3) Resource usage based crashes (stack or heap overflow)
Let's consider below Java program which calculates factorial of a number. In this example, the recursive method Factorial() calls itself over and over again until it reaches the maximum size of the Java thread stack since a terminating condition is not provided for the recursive calls. When the maximum size of the stack is reached, the program exits with a java.lang.StackOverflowError.
Sample code:
class Factorial {
static int factorial(int n) {
return (n * factorial(n-1));
}
public static void main(String args[]){
int number=4;
System.out.println("Factorial of "+number+" is: "+factorial(number));
}
}
Compile as: java Factorial.java
Test as: java Factorial
Exception in thread "main" java.lang.StackOverflowError
at Factorial.factorial(Factorial.java:3)
at Factorial.factorial(Factorial.java:3)
at Factorial.factorial(Factorial.java:3)
at Factorial.factorial(Factorial.java:3)
Here we have only one method, In real scenario examine the stacktrace for the repeating pattern of line numbers. After the line of code is identified inspect the code if it has base/terminating condition. If not, code should be fixed. Take a close look at line 3 in the method factorial there isn't any base condition, when should this method return back to the function caller?
Adding below base condition to the factorial method circumvents the problem:
if (n == 0 || n == 1)
return 1;
What if the code has been updated to implement correct recursion but the program still throws a java.lang.StackOverflowError??? The thread stack size can be increased to allow a larger number of invocations. The stack size can be increased by changing the -Xss argument on the JVM, which can be set when starting the application.
Crash related Best Practices
- Make sure you are using the latest version of every product because there are often many code changes and bug fixes available.
- Make sure that the required settings for log collection are in place so that when an abnormal situation occurs all the logs are collected for diagnosis / root cause analysis.
- Make best use of exception handling. Wherever invoking APIs that are designed to throw, identify the right location to catch / absorb / mitigate the exception.
- There are common exceptions that are unavoidable (such as IOException / SocketException etc.) in a large application.

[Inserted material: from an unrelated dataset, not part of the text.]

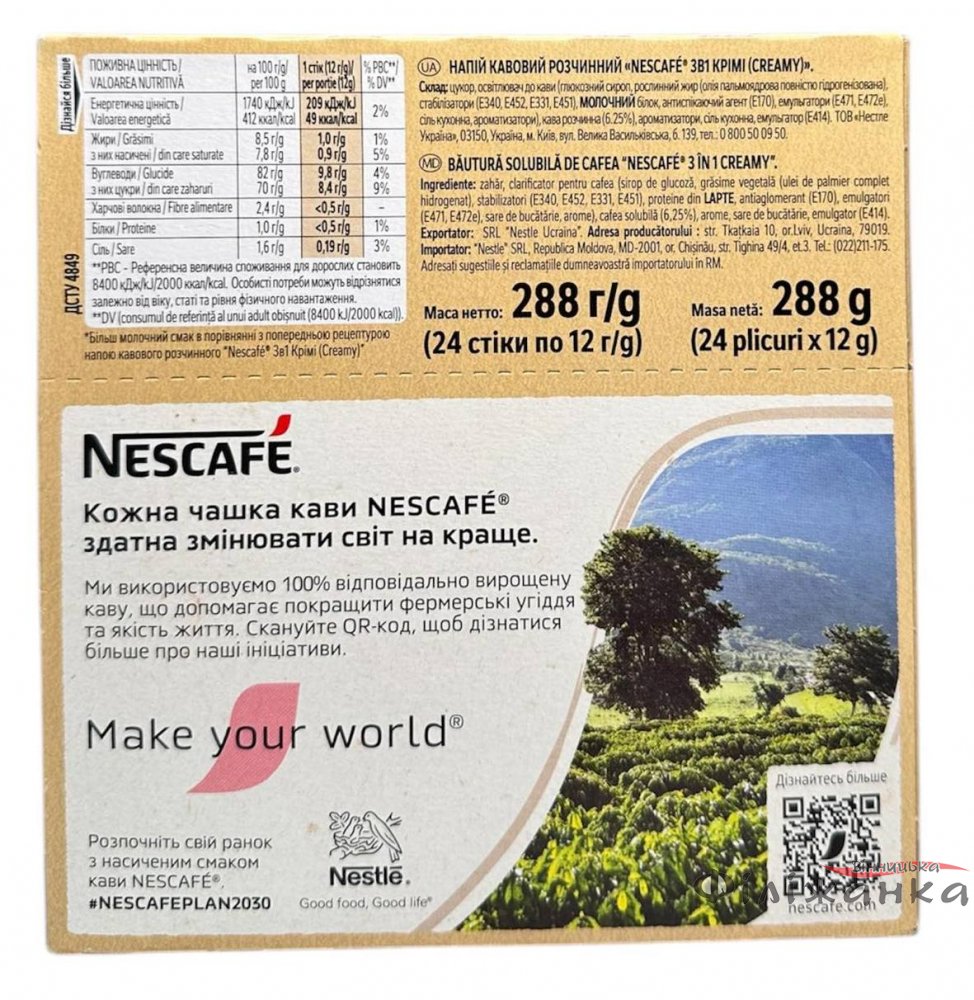 Кофе Nescafe Creamy 3в1 в стиках 24 шт х 12 г (490)

Don't let those percolate further down the stack to become unhandled exceptions. A typical caller of APIs that throw IOException may retry a few times before abandoning the call.
- Don't ignore crashes by setting up scripts to clean up the dumps and re-spin your application. When we do this, we are potentially ignoring application / configuration / resource issues and making the application highly inefficient.
- Use JNI with caution. As most of the versatile JVM features around error detection will be missing in the JNI environment, faults occurring there will cause fatal errors to the application and the JVM.
- Calibrate your application with varying loads and identify the peak memory usage. Setup the heap limits accordingly, so as to avoid crashes due to Java heap exhaustion.
- Users might encounter crashes due to class cache corruption, clean the shared class cache and restart the application.
- If you encounter problems with the verifier turned off(-Xverify:none), remove this option and try to reproduce the problem.
- Make use of javacore information effectively. It is rich with data that represents the internal state of the virtual machine, and can help solve a great share of application anomalies that lead to crash.